### What you should do
The answer is the first line of the listing and every line after it through the one containing "iECHO E64-8 tungsten", exact, with pictures removed.

-- Entries shown follows --

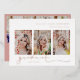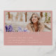Écriture de fin d'études, en feuille. Graduation 4 faire-part photo/invitation. Photo unique sur le dos avec couleur arrière - plan rose rose poussiéreuse et détails de l'invitation de célébration.
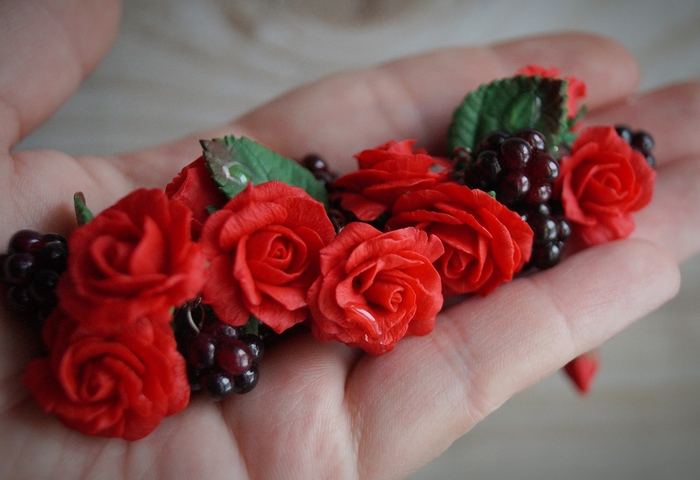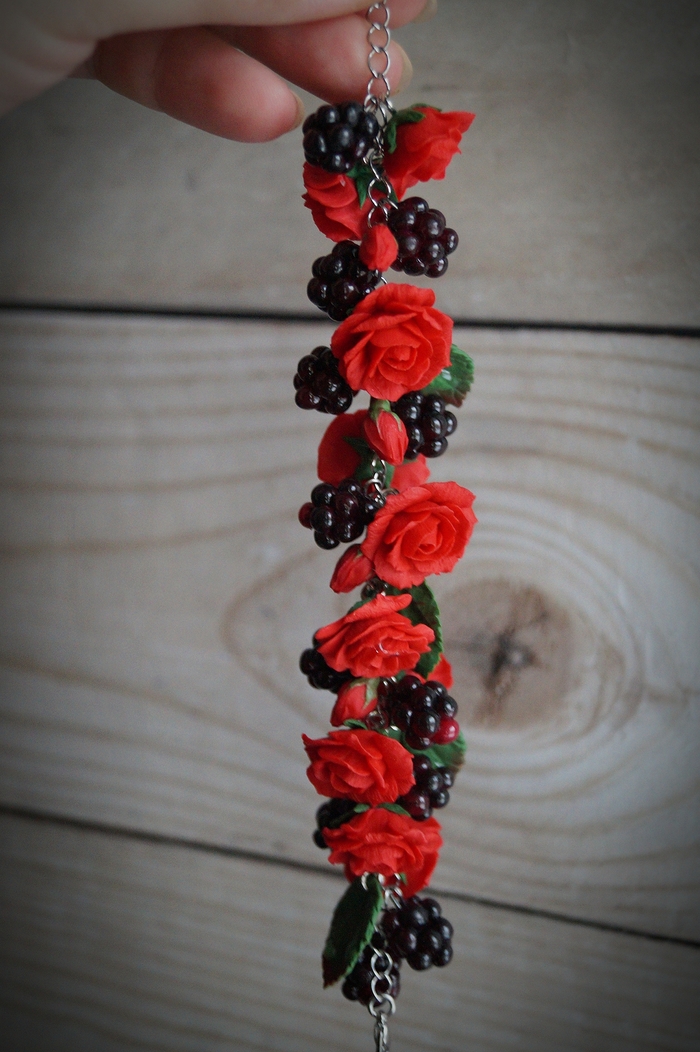 Браслет с красными розами и ежевикой, полностью ручной работы
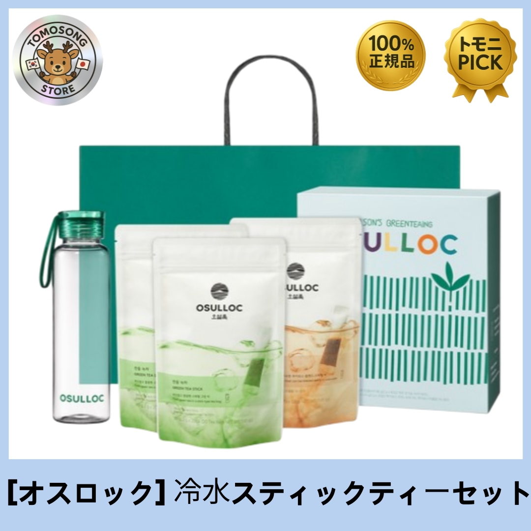 オソルロク 冷水スティックティーセット(緑茶2袋 + ルイボス1袋 + ストラップボトル付き) 冷水で簡単抽出!暑い夏でもスッキリ楽しめる韓国・済州の名茶ブランド の水出しティーセ
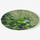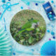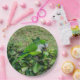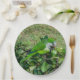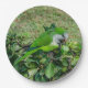 Grüner Papagei auf dem grünen Busch in einem Park in Spanien. Auch bekannt als Mönchssittich oder Quakerpapagei
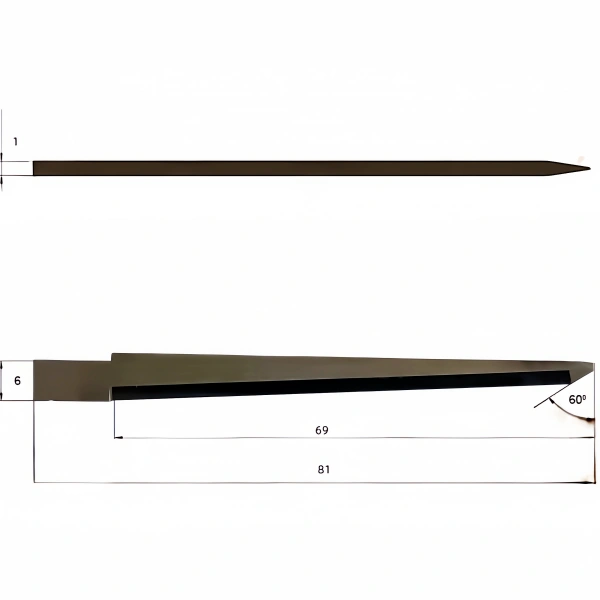 iECHO E64-8 tungsten steel oscillating blade adopts 60° sharp angle design, blade height 81mm, maximum cutting depth up to 69mm, suitable for various flexible and composite materials such as carbon fiber, glass fiber, leather, rubber, etc. Suitable for iECHO CNC cutting machine
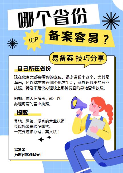 哪個省份的營業(yè)執(zhí)照做ICP備案會更容易一些呢?很多朋友會問我們這樣的問題。因為確實有一些省份備案嚴格,審核條件多。但大部分省份其實是差不多的。
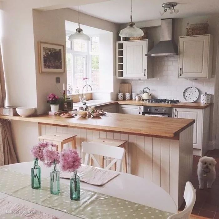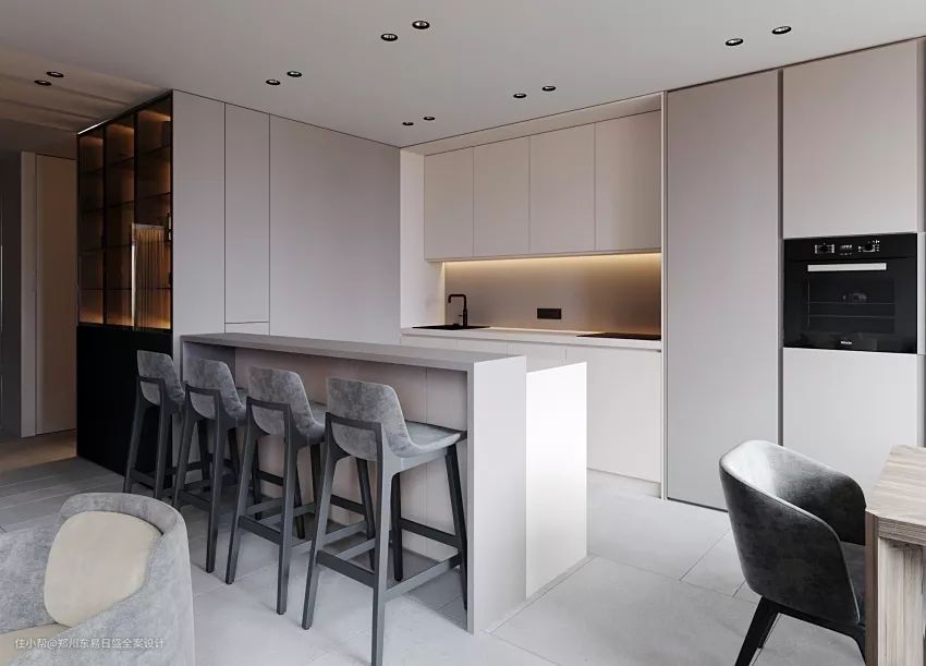 在厨房留出一小块空间,设置一张吧台,在家就能体验酒吧、咖啡厅和茶舍,压根不用去排队打卡网红店。

-- Entries shown concluded --

### Your response
Écriture de fin d'études, en feuille. Graduation 4 faire-part photo/invitation. Photo unique sur le dos avec couleur arrière - plan rose rose poussiéreuse et détails de l'invitation de célébration.
 Браслет с красными розами и ежевикой, полностью ручной работы
 オソルロク 冷水スティックティーセット(緑茶2袋 + ルイボス1袋 + ストラップボトル付き) 冷水で簡単抽出!暑い夏でもスッキリ楽しめる韓国・済州の名茶ブランド の水出しティーセ
 Grüner Papagei auf dem grünen Busch in einem Park in Spanien. Auch bekannt als Mönchssittich oder Quakerpapagei
 iECHO E64-8 tungsten steel oscillating blade adopts 60° sharp angle design, blade height 81mm, maximum cutting depth up to 69mm, suitable for various flexible and composite materials such as carbon fiber, glass fiber, leather, rubber, etc. Suitable for iECHO CNC cutting machine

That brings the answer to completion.